Лонг доложил, что текст письма известен Децебалу. Эти мольбы, предупреждения и требования — вынужденная мера, направленная на то, чтобы удержать царя даков от немедленного выступления и дать время Риму тщательно подготовить нападение. Прежде всего, необходимо лишить Децебала всякой возможности обвинить римлян в нарушении договора и, следовательно, в коварстве.
Далее он сообщил, что подобраться к царю варваров нет никакой возможности. Лонгин задержан, однако оковы на него не наложили. На словах легат просил передать, что Децебал, безусловно, ведет дело к войне, но желает представить дело так, будто именно даки являются потерпевшей стороной. С этой целью их царь затеял поход против сарматов. Лонгин советует воспользоваться требованиями сарматских старейшин для объявления войны, но этого мало. Необходимо обеспечить выигрыш во времени и не дать Децебалу возможности выкрутиться. Лонгин передал, что готов исполнить долг римского гражданина и поступить так, чтобы у Децебала не осталось ни единого шанса сослаться на коварство римлян. Война станет неизбежна, и на честь Римского государства не падет тень нарушения договора. Боги будут удовлетворены.
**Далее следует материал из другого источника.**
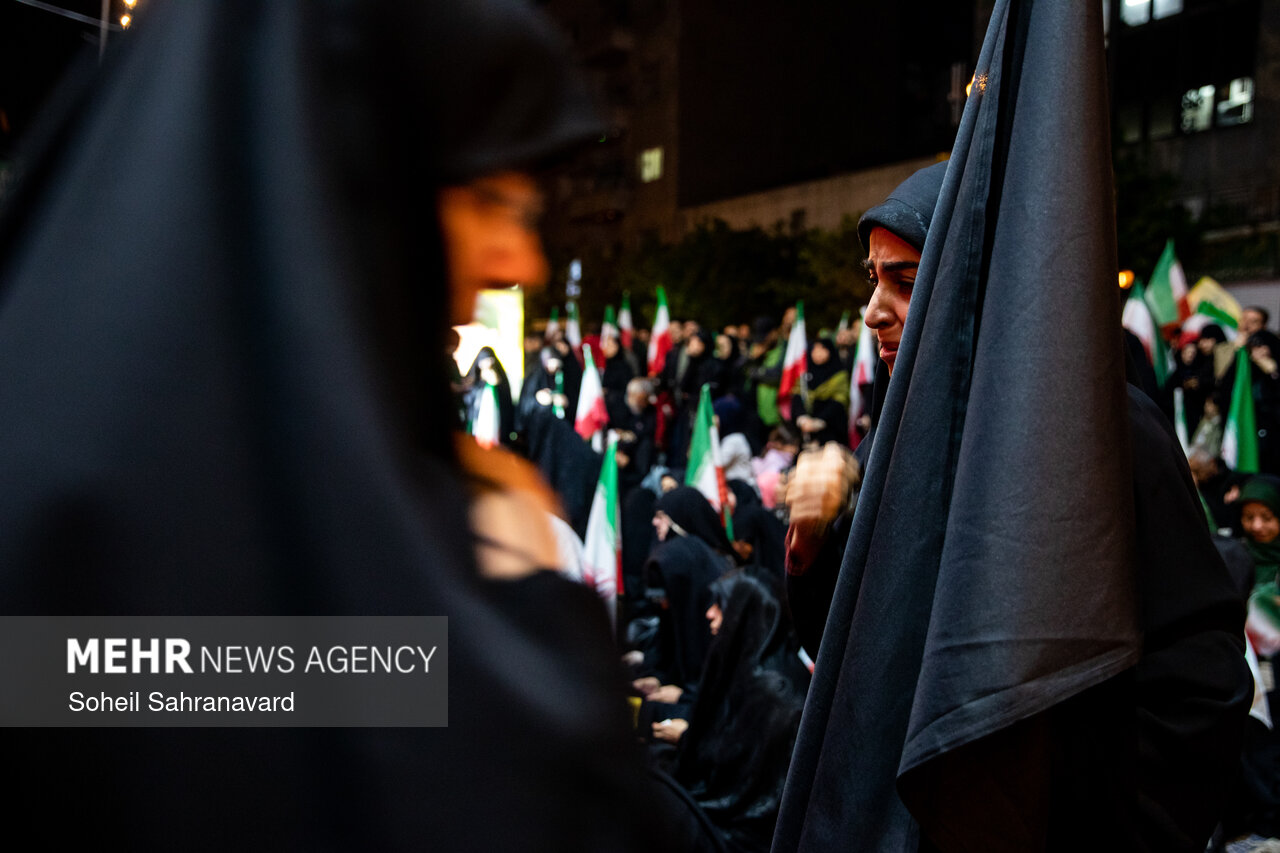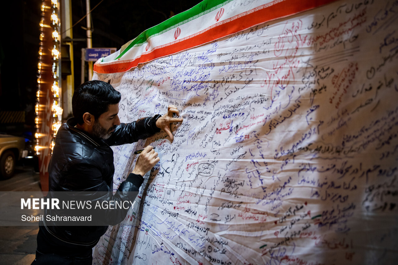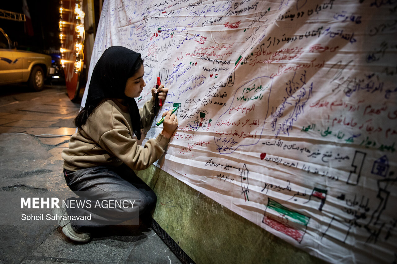 ئەم وێنە سەرەنجڕاکێشانە بەشێک لە خرۆشی خەڵکی ئێران نیشان دەدات کە شەوانە هەر وەکوو بزاڤێکی نەتەوەیی دێنە سەر شەقام بۆ پشتیوانی لە ڕێبەری ئێران و هێزە چەکدارەکان بۆ شەڕ لەگەڵ ئەمریکا و ئیسڕائیل.

— Что он задумал? — резко спросил Траян.
— Не знаю, — ответил Ларций. — Все мои просьбы поделиться он встречал шутками
Император резко ударил кулаком по столу.
— Узнаю паннонского кабана! — затем он обратился к присутствующим. — На этот раз толстяк заигрался! Риск превышает всякие разумные пределы. Как нам поступить? Требования сарматов справедливы, и мы вполне могли бы начать военные действия, если бы Лонгин не оказался в плену. Сочтут ли боги допустимым жертвовать жизнью римского консула, пусть даже и самого жирного, ради того, чтобы наказать варваров?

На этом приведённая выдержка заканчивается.